Among the ongoing local habitat projects is a fish spawning refuge created below Hancock Spring in what once was a trampled-down, shallow stream below an old Mazama dairy. First, the stream bed was laboriously dug out by hand. The broken-down stream banks were rebuilt. Hundreds of small logs were added to the stream bed, which was replanted with thousands of tiny plugs of insect-friendly or shady native plants.

Overseeing this work is John Jorgensen, a Yakama fish biologist. He worries that the Methow River lacks nutrients because it has long been deprived of the masses of decaying salmon carcasses needed to keep river ecosystems fish-friendly. He will add nutrients to the stream to see if that helps.

Every endangered or threatened fish species has shown up to spawn

The one-mile long stream is divided into two reaches, one untreated, the other improved. It’s a natural scientific laboratory where Jorgensen over time hopes to test what salmon need to spawn here and get high numbers of their offspring to sea. Salmon science is maddeningly time-consuming, thanks to their four-year migration cycle.

Since completion of the first restoration phase in 2011, a sprinkling of every endangered or threatened fish species in the Upper Columbia basin has shown up to spawn in the newly rehabilitated stream, said Jorgensen. The salmon much prefer the restored reach; they built 18 redds in it compared with just one in the unrestored reach, for example. But it’s non-native brook trout that are most common in this stream, and they snack on salmon eggs. So they will be removed to see if that helps salmon survival, he said.

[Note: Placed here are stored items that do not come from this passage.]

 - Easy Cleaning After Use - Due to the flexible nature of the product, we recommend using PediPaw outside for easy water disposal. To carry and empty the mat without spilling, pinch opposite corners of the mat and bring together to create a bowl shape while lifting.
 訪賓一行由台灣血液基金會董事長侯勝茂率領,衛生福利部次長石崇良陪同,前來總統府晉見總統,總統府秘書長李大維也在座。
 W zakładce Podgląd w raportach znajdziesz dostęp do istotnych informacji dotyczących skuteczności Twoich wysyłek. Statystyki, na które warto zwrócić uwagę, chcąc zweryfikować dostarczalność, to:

“Rebuild it and they will come,” is the mantra that’s driving the transformation of the Methow Valley’s riverine ecosystem.

THE COSTS

photoBPA markets and distributes wholesale power to utilities such as Winthrop's Okanogan County Electric Cooperative. Much of the salmon recovery funding has come from BPA ratepayers. BPA photo

The 1,000-pound gorilla in the Upper Columbia salmon recovery funding mix is the Portland-based Bonneville Power Administration (BPA). BPA markets power produced by 31 dams operated by the U.S. Army Corps of Engineers or U.S. Bureau of Reclamation throughout the massive Columbia River drainage. BPA wheels the electricity over 15,000 miles of transmission lines to wholesale customers in eight western states, including utilities such as Winthrop’s Okanogan County Electric Cooperative.

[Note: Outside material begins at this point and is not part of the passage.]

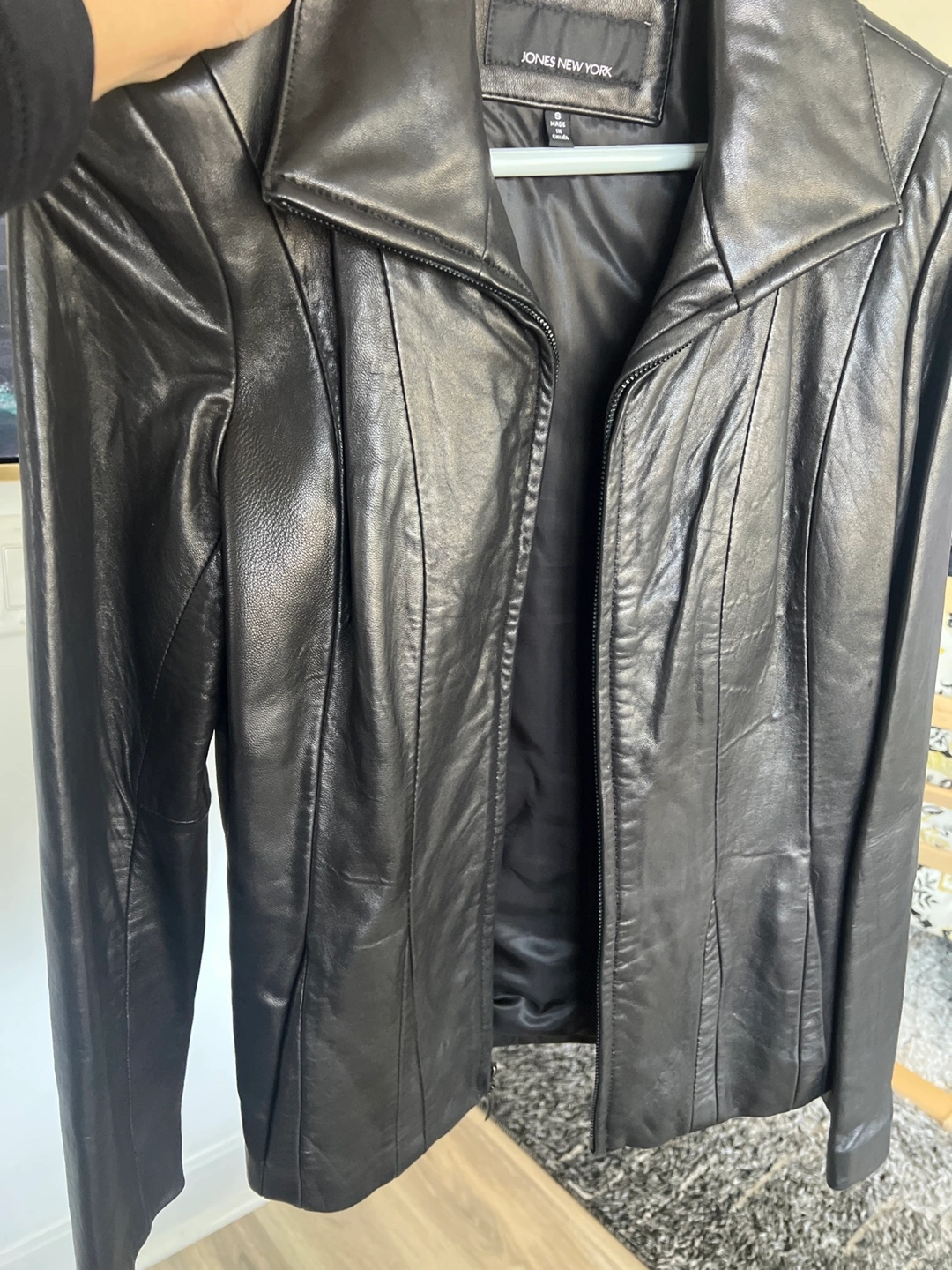 Women's black leather jacket. Size small. Zipper closure. Classic style. Made in Canada.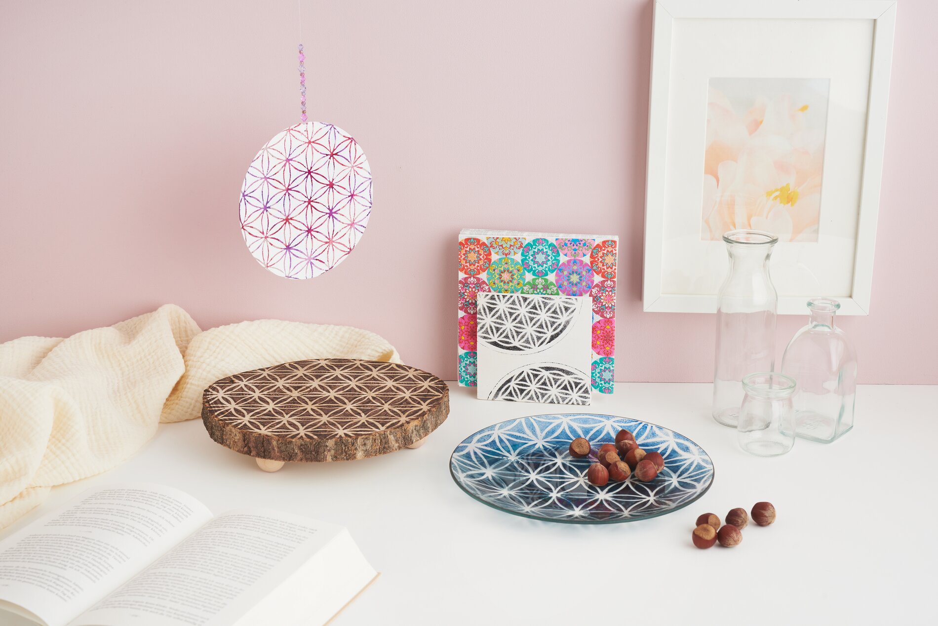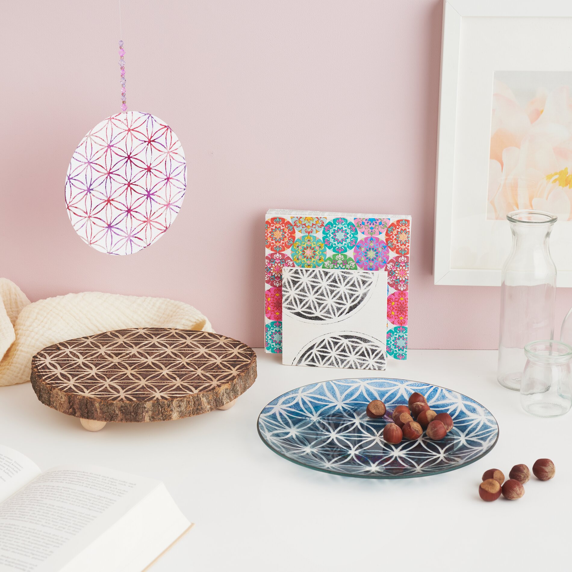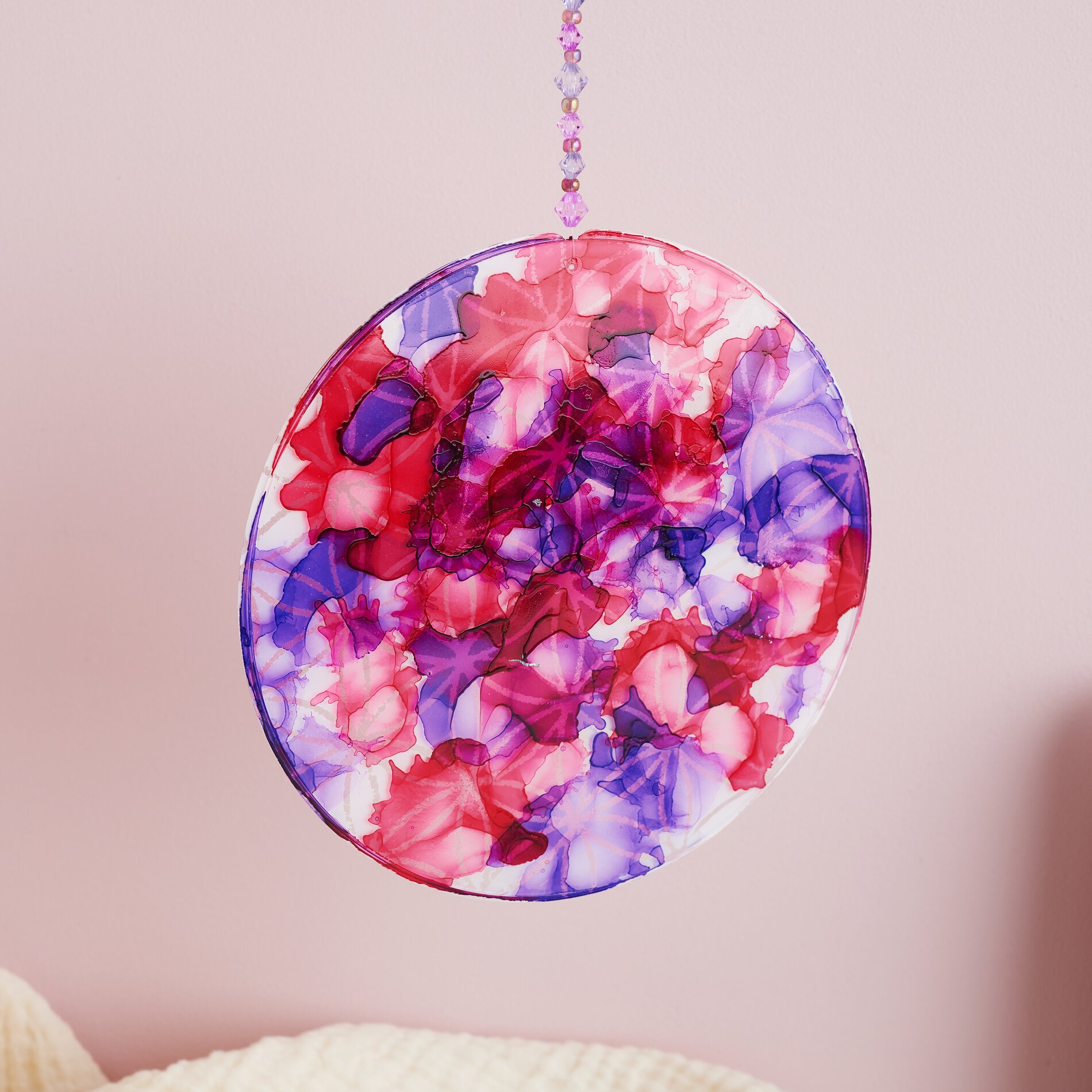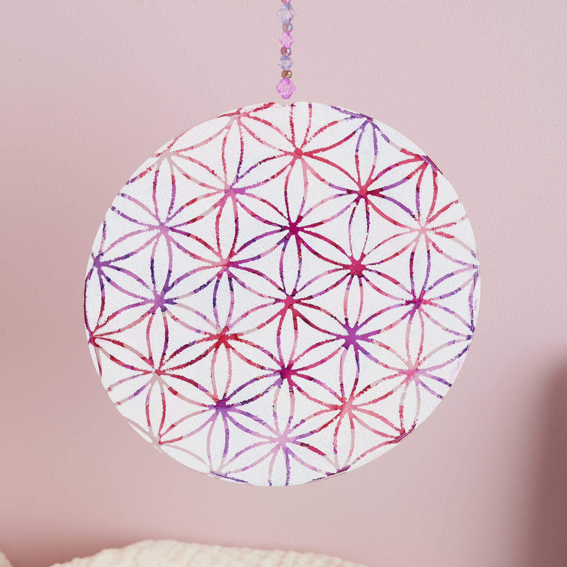Odwrócić płytę i nanieść szablon za pomocą kleju w sprayu na nieobrobioną stronę. Pokropić motyw farbą rzemieślniczą, usunąć szablon i natychmiast go wyczyścić. Po wyschnięciu wywiercić mały otwór w akrylowym krążku za pomocą wiertarki ręcznej. Proszę przewlec przez niego nić perlonową, nawlec koraliki według uznania i zawiązać końce - dekoracyjny element przyciągający wzrok jest gotowy.

Though its salmon recovery efforts began in 1978, the BPA cannot provide records of salmon expenditures in the Methow prior to 2004 because its previous accounting system did not reveal that level of local detail, BPA spokesman Kevin M. Wingert told Methow Grist.

This accounting black hole means the $269.1 million spending estimate likely is too conservative, since it does not represent any funds that may have been spent by BPA in the valley in the 26-year-period between 1978 and 2004. Moreover, hatchery work has been ongoing in Winthrop since1940, but the costs represented here account only for spending during the last 11 years. Also missing from the tally are federal taxpayer funds spent on salmon habitat in the Methow before 1999.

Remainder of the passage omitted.